== Required work ==
Repeat nothing but the lines below running from the one containing "Technology • Wheel" to the one containing "草案也將原本只具有行政指導性". Keep both end lines.

== Source data ==
***
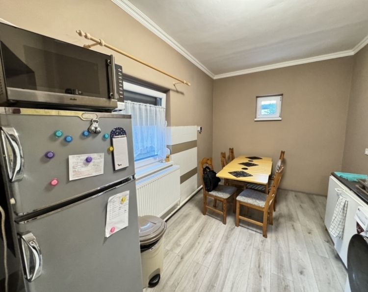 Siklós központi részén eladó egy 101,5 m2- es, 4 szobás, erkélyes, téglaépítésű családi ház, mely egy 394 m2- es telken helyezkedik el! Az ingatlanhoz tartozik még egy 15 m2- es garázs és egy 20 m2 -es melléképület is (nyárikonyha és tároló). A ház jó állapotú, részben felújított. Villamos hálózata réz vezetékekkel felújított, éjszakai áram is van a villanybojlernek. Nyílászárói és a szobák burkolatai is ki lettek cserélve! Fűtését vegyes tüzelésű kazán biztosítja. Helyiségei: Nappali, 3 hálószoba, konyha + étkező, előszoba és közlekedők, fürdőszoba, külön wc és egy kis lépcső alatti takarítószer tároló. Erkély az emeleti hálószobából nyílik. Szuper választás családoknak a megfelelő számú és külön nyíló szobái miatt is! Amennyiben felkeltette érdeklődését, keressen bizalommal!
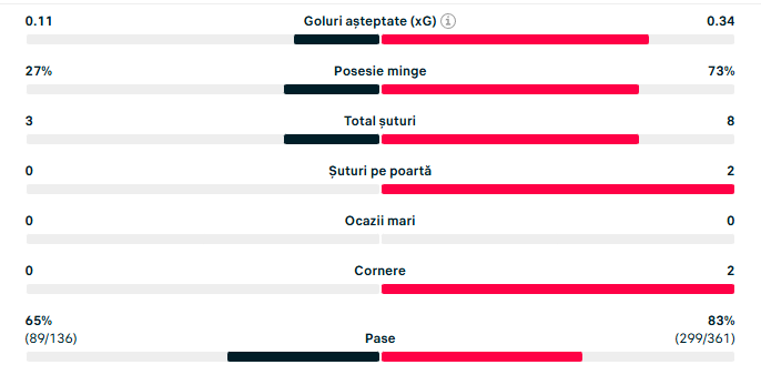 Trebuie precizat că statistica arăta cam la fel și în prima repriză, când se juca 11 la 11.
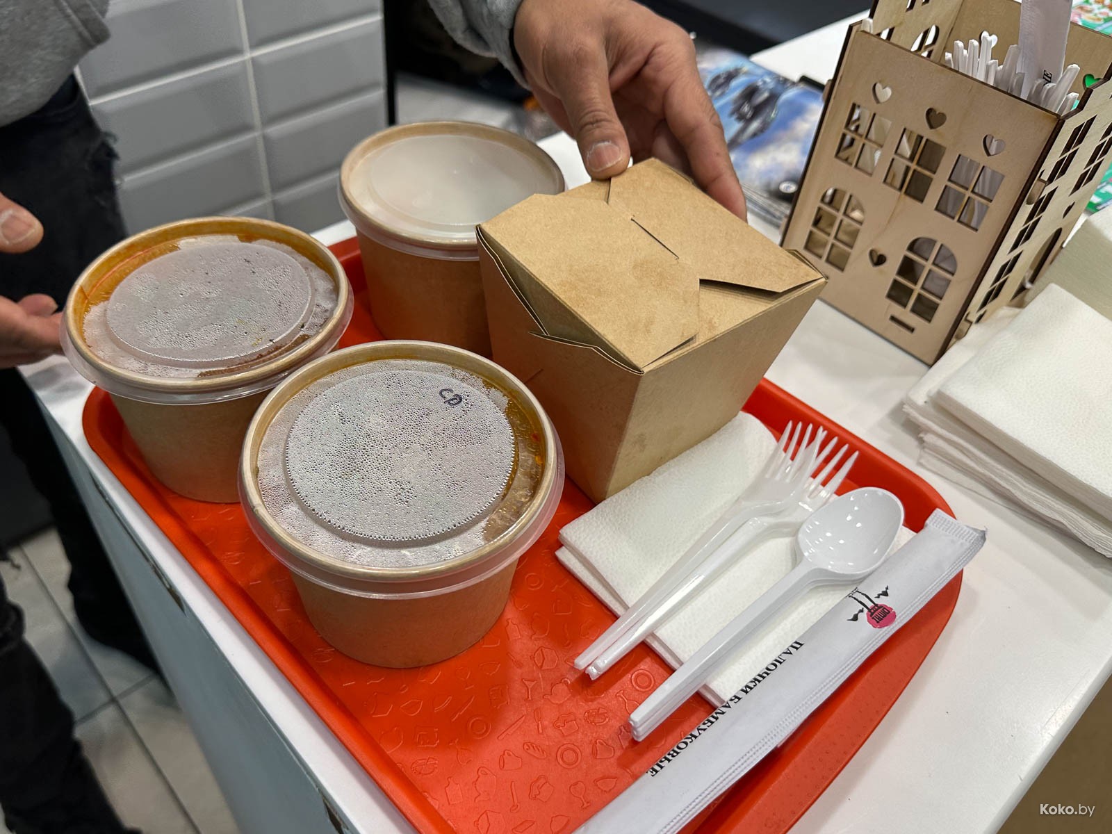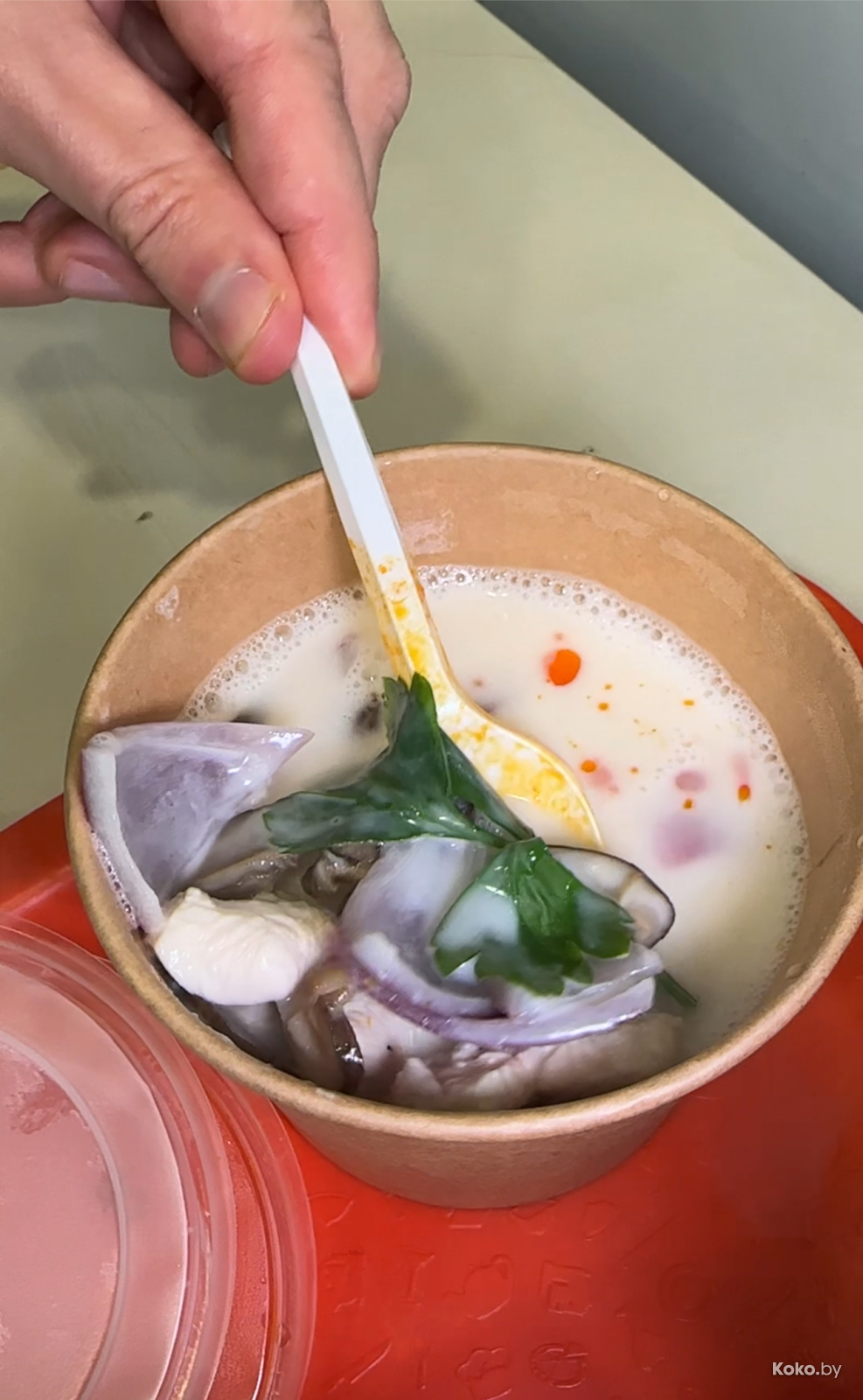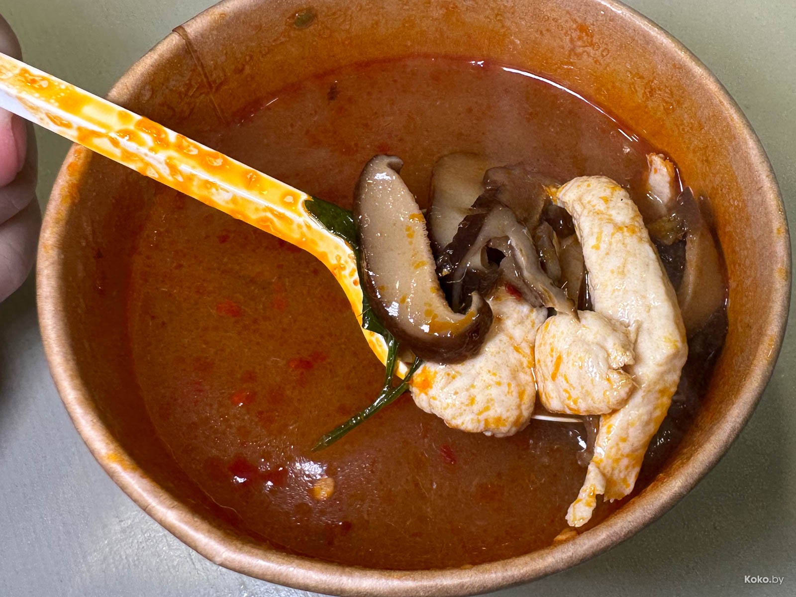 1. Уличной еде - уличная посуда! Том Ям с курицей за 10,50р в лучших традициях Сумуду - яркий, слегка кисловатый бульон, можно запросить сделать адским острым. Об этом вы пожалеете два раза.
***
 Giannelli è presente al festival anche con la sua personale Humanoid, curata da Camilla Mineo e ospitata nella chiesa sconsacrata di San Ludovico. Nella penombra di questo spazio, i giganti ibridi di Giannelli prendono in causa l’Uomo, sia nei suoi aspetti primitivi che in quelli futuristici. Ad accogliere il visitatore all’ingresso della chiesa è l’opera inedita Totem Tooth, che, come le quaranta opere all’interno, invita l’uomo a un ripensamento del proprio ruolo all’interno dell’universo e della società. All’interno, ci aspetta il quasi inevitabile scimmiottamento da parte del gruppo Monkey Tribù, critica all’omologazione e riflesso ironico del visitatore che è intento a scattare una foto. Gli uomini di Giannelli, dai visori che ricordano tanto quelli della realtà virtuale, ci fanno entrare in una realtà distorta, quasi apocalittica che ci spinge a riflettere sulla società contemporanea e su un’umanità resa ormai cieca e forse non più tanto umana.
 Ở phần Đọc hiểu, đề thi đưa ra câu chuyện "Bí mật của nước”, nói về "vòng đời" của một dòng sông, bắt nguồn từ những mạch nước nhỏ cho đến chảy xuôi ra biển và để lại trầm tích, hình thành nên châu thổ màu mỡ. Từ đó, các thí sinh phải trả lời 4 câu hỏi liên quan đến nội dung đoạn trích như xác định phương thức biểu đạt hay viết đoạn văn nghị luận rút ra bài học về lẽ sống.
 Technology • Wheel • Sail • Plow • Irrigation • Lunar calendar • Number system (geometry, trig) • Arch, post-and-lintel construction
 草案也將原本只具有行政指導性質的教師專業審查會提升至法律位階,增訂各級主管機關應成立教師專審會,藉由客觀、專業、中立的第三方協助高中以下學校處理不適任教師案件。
***
== Solution to the exercise ==
 Technology • Wheel • Sail • Plow • Irrigation • Lunar calendar • Number system (geometry, trig) • Arch, post-and-lintel construction
 草案也將原本只具有行政指導性質的教師專業審查會提升至法律位階,增訂各級主管機關應成立教師專審會,藉由客觀、專業、中立的第三方協助高中以下學校處理不適任教師案件。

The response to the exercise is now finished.